County Comm'rs of Charles Co. v. Stevens

473 A.2d 12, 299 Md. 203, 20 ERC (BNA) 2080, 1984 Md. LEXIS 258
CourtCourt of Appeals of Maryland
DecidedApril 4, 1984
Docket94, September Term, 1983
StatusPublished
Cited by12 cases

This text of 473 A.2d 12 (County Comm'rs of Charles Co. v. Stevens) is published on Counsel Stack Legal Research, covering Court of Appeals of Maryland primary law. Counsel Stack provides free access to over 12 million legal documents including statutes, case law, regulations, and constitutions.

Bluebook
County Comm'rs of Charles Co. v. Stevens, 473 A.2d 12, 299 Md. 203, 20 ERC (BNA) 2080, 1984 Md. LEXIS 258 (Md. 1984).

Opinion

MURPHY, Chief Judge.

We granted certiorari to determine whether a regulation banning disposal, in a county owned and operated landfill facility, of solid waste originating outside the county’s borders violates the Commerce Clause of the United States Constitution. 1

*206 I.

The County Commissioners of Charles County own and operate a sanitary landfill in Pisgah, Charles County, Maryland. The purpose of the facility is to provide for the disposal of solid waste generated by Charles County residents. The landfill is part of the County’s Solid Waste Plan developed to comply with the requirements of Maryland Code (1982), § 9-501, et seq. of the Health-Environmental Article. Charles County is expressly authorized by Code (1957, 1981 Repl.Vol.), Art. 25, § 14A to construct landfills and “to prescribe and enforce rules and regulations concerning the operation and manner of use of the disposal areas or facilities.”

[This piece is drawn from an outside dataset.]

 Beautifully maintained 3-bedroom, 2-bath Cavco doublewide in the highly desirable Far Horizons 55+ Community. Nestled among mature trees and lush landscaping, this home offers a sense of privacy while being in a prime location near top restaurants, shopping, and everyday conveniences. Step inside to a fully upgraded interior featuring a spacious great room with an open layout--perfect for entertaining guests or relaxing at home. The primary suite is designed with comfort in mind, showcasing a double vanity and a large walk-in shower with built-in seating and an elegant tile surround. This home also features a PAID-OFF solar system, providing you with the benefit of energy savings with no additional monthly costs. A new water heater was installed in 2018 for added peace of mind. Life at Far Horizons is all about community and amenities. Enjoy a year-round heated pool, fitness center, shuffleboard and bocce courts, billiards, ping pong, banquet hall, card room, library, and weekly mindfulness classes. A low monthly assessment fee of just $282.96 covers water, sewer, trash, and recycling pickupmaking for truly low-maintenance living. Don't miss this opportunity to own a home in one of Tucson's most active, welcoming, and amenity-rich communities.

The Pisgah facility is the only sanitary landfill in Charles County. It consists of eighty-seven acres of land with a suitable soil base, an asphalt road offering access to a public road, weight scales, record keeping facilities and the heavy equipment necessary to provide daily soil cover. Commercial haulers must obtain a permit and pay a fee for using the landfill. Noncommercial trucks and utility trailers are also charged a fee. Individuals hauling waste in any other vehicle may use the landfill without charge. The landfill’s operation is primarily funded from County tax revenues.

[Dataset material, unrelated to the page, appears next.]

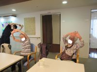おやつの時間にラウンジにいた皆様と体操をすることになりました

Pursuant to its statutory authority, the County Commissioners adopted “Regulations Governing the Use of Charles County Public Trash Disposal Areas.” Regulation 4(d) provides:

“No garbage, trash, or refuse collected outside the territorial limits of Charles County shall be disposed of in any Public Trash Disposal Area of Charles County.” (Emphasis supplied.)

The regulation, on its face, governs only public landfills; it has no application to any privately owned facility.

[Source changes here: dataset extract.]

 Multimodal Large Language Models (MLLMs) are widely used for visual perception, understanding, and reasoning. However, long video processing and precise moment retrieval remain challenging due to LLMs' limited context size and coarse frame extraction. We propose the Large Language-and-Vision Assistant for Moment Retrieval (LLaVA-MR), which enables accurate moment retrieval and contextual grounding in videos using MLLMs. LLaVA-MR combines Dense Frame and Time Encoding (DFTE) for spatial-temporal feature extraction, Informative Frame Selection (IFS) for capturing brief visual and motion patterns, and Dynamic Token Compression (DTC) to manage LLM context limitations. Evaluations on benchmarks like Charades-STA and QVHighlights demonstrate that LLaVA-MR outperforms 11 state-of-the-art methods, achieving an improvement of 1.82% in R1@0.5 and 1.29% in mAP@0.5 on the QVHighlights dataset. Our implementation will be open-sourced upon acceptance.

Albert W. Stevens operates a solid waste hauling business within and beyond the territorial limits of Charles County. Stevens’ trucks have dumped refuse which was collected outside of Charles County at the Pisgah facility. The Coun *207 ty suspended one of Stevens’ permits for violating Regulation 4(d). As a result, Stevens filed a Bill of Complaint in the Circuit Court for Charles County seeking a declaration that Regulation 4(d) was unconstitutional under the Commerce, Equal Protection and Due Process Clauses of the federal constitution and under Article 24 of the Maryland Declaration of Rights. Stevens also sought an injunction barring enforcement of the regulation.

None of the material facts being in dispute, both the County and Stevens moved for summary judgment. The court (Bowling, J.) granted Stevens’ motion, concluding that Regulation 4(d) unconstitutionally discriminated against interstate commerce in violation of the Commerce Clause of the federal constitution. Relying on Philadelphia v. New Jersey, 437 U.S. 617, 98 S.Ct. 2531, 57 L.Ed.2d 475 (1978); Browning-Ferris v. Anne Arundel Co., 292 Md. 136, 438 A.2d 269 (1981); and Shayne Bros., Inc. v. Prince George’s County, Md., 556 F.Supp. 182 (D.Md.1983), the court reasoned that

“The regulation is basically an economic protectionist measure, which places a direct burden on interstate commerce. The Court has found no legitimate local purpose that would justify such a restriction.”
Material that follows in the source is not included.